Centrist Committee posted:

is this a breakdown in the M-C phase or the C-M phase, or is that the wrong way to think about it?

it’s cool to think of capital as a stagnant, accumulating mass and profit as energetic capital in motion

I'd say it's a failure of the C-M' stage but because the system knows that that part isn't working it doesn't even initiate the M-C part of the circulation. There's always the possibility of buying more C - always workers with some spare time somewhere and machinery can always be ordered - but throwing more labour into their operations would lower productivity overall and there doesn't seem to be any opportunity to expand their markets which would make a large amount of capital investment worthwhile any more.

It's a good point about thinking of already existing capital as the stagnant lump though, really demonstrates the 'dead labour' part of capitalism.

namesake
Jun 19, 2006

"When I was a girl, around 12 or 13, I had a fantasy that I'd grow up to marry Captain Scarlet, but he'd be busy fighting the Mysterons so I'd cuckold him with the sexiest people I could think of - Nigel Mansell, Pat Sharp and Mr. Blobby."

Yeah the calculation debate was won by the socialists because even when an economy is reduced to the circulation of goods for a monetary equivalent, which is what the Austrian and Neoclassical schools try to present as the totality of it all, then systems which abolish private property into whatever form of collective ownership the socialist was arguing for and even when the monetary equivalent was replaced with a socialist alternative like exchange in kind then these 'market' mechanisms operate and clear in much the same way as the capitalist theorists said money and prices were required for.

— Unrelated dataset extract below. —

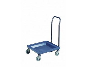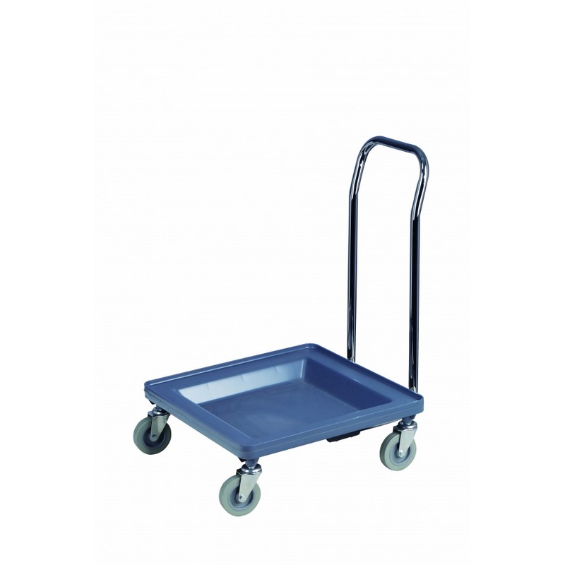 Καρότσι μεταφοράς καλαθιών πλυντηρίου σε γκρι χρώμα με επιχρωμιωμένη λαβή.

It's moot really except for the argument about how planning national or global economies is supposedly beyond reasonable or possible calculation and so separate warring capitalism is the only real choice, and we have both theoretical and real world demonstrations about just how viable it is now.

namesake has issued a correction as of 23:58 on Jun 20, 2021

namesake
Jun 19, 2006

"When I was a girl, around 12 or 13, I had a fantasy that I'd grow up to marry Captain Scarlet, but he'd be busy fighting the Mysterons so I'd cuckold him with the sexiest people I could think of - Nigel Mansell, Pat Sharp and Mr. Blobby."

Orange Devil posted:

Send a copy of the time machine to Einstein, doh.

Is the Red Alert universe better than our current one?

namesake
Jun 19, 2006

"When I was a girl, around 12 or 13, I had a fantasy that I'd grow up to marry Captain Scarlet, but he'd be busy fighting the Mysterons so I'd cuckold him with the sexiest people I could think of - Nigel Mansell, Pat Sharp and Mr. Blobby."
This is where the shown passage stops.